### The data
+---+

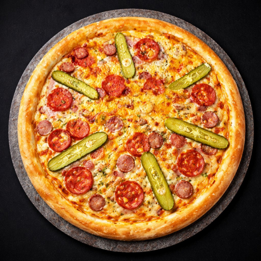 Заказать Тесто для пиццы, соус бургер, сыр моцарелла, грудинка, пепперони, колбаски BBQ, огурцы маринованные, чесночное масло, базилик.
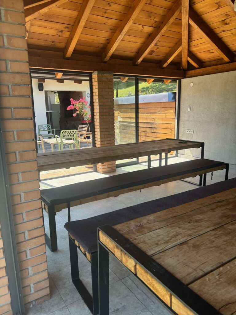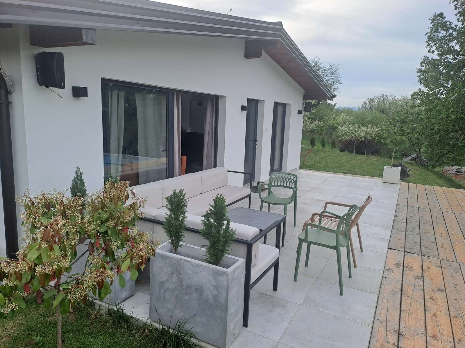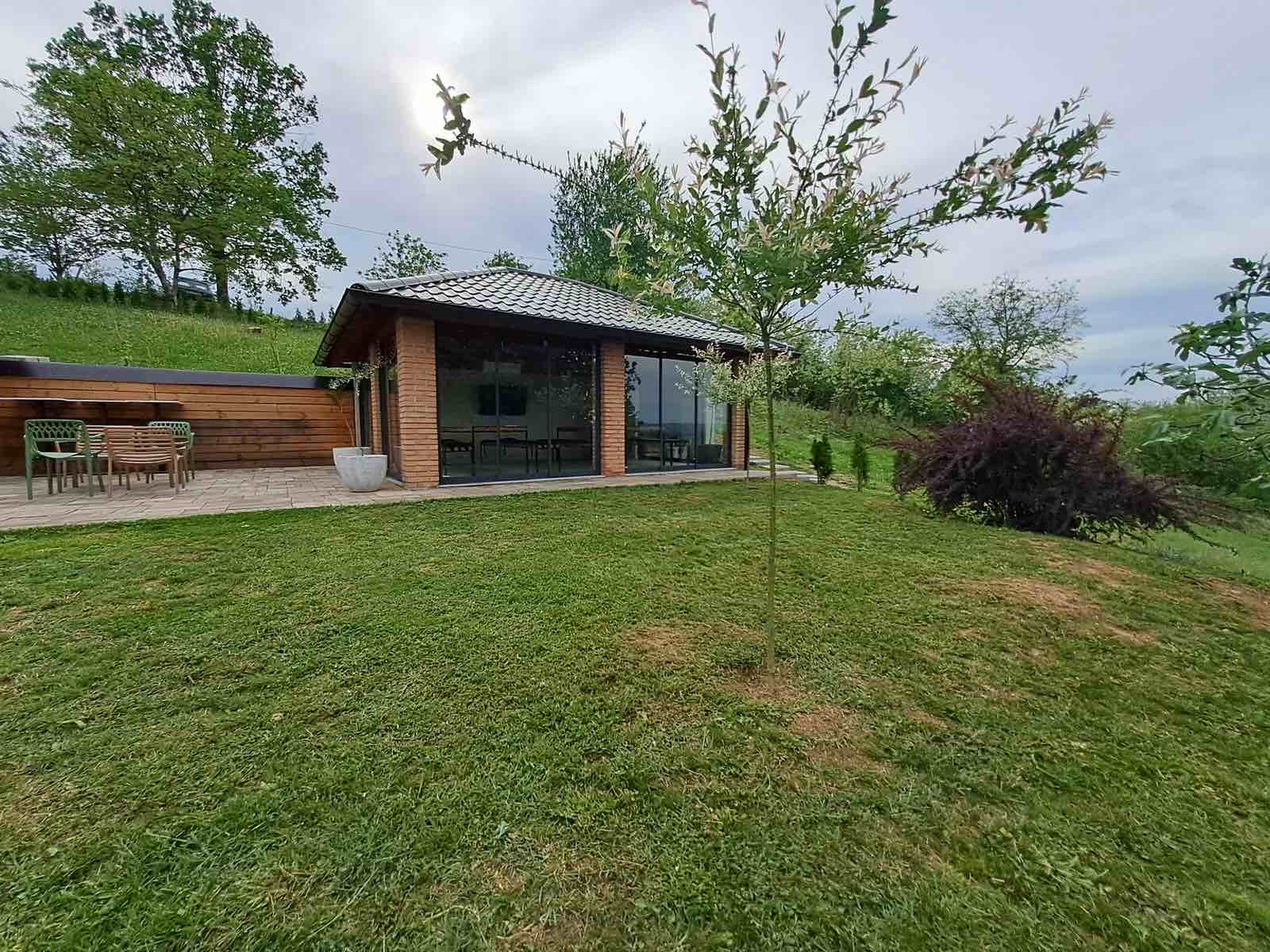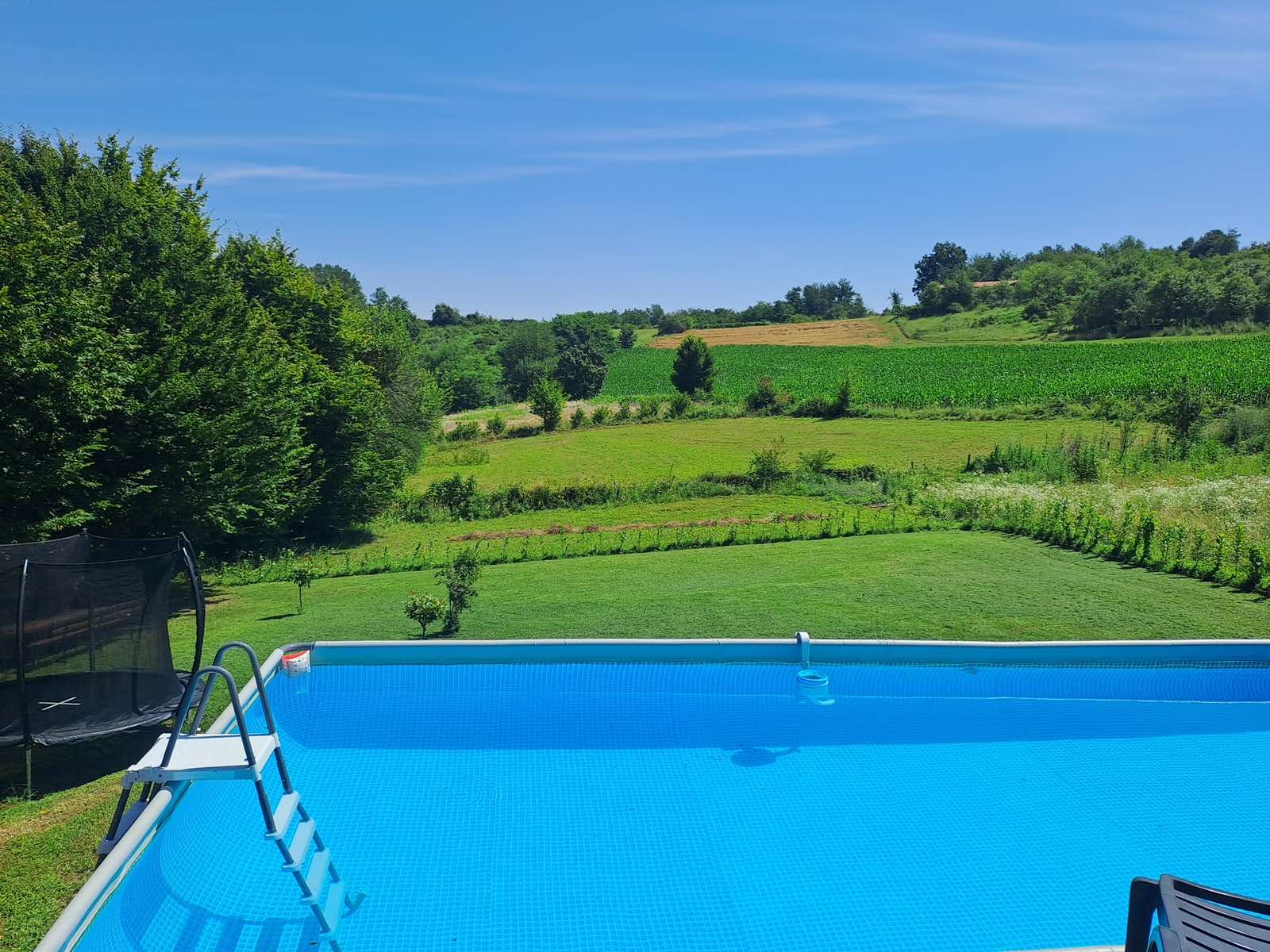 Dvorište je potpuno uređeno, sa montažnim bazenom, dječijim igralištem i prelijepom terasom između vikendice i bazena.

+---+

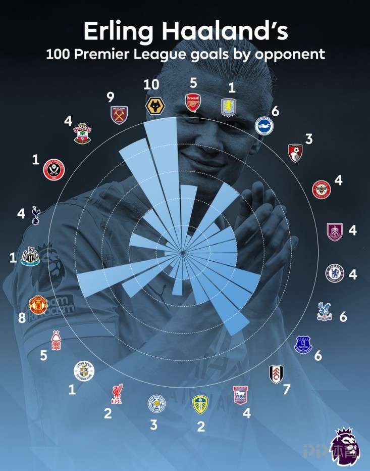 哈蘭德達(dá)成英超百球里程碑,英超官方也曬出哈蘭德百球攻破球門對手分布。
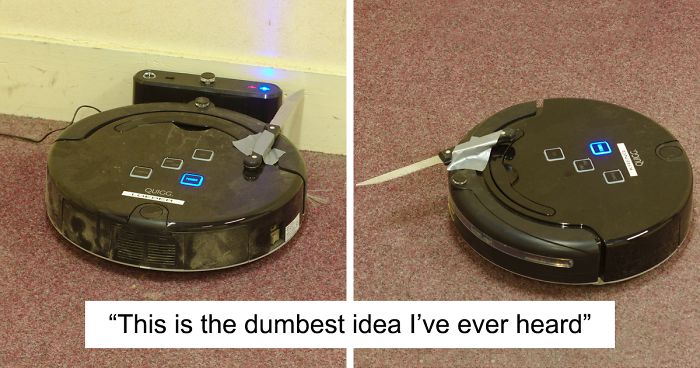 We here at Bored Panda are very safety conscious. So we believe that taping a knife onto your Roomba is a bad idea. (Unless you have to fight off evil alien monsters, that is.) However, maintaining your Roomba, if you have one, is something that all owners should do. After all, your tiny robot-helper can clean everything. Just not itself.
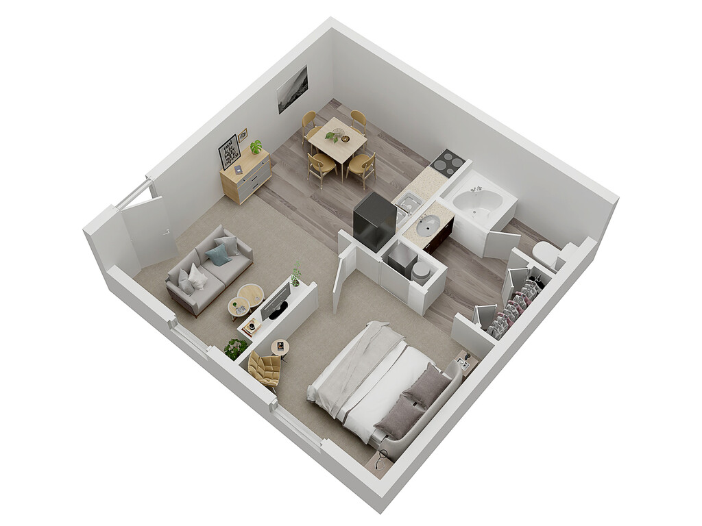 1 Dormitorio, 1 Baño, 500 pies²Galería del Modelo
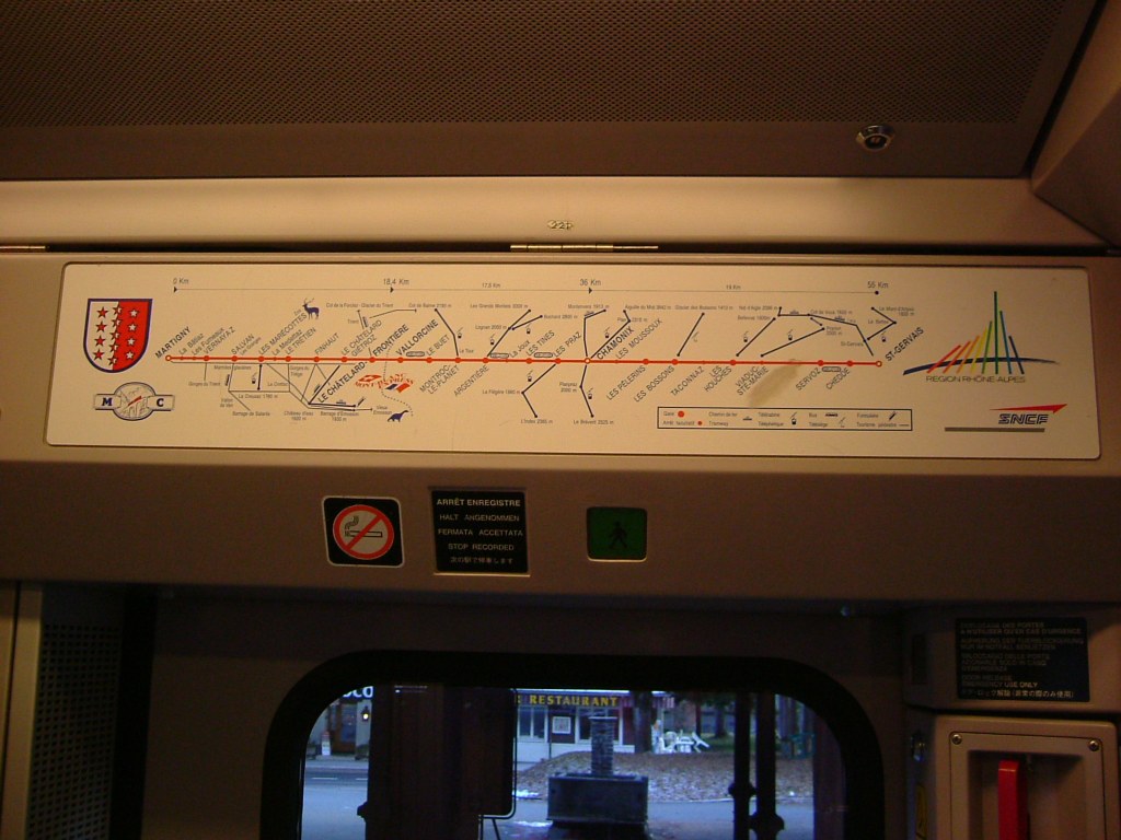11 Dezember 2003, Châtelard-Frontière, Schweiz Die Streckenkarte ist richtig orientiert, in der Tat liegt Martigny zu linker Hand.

+---+

Using the entries above, write out exactly the lines from the one with "Заказать Тесто для" through the one with "Dvorište je potpuno", ends included. Leave out any pictures.

 Заказать Тесто для пиццы, соус бургер, сыр моцарелла, грудинка, пепперони, колбаски BBQ, огурцы маринованные, чесночное масло, базилик.
 Dvorište je potpuno uređeno, sa montažnim bazenom, dječijim igralištem i prelijepom terasom između vikendice i bazena.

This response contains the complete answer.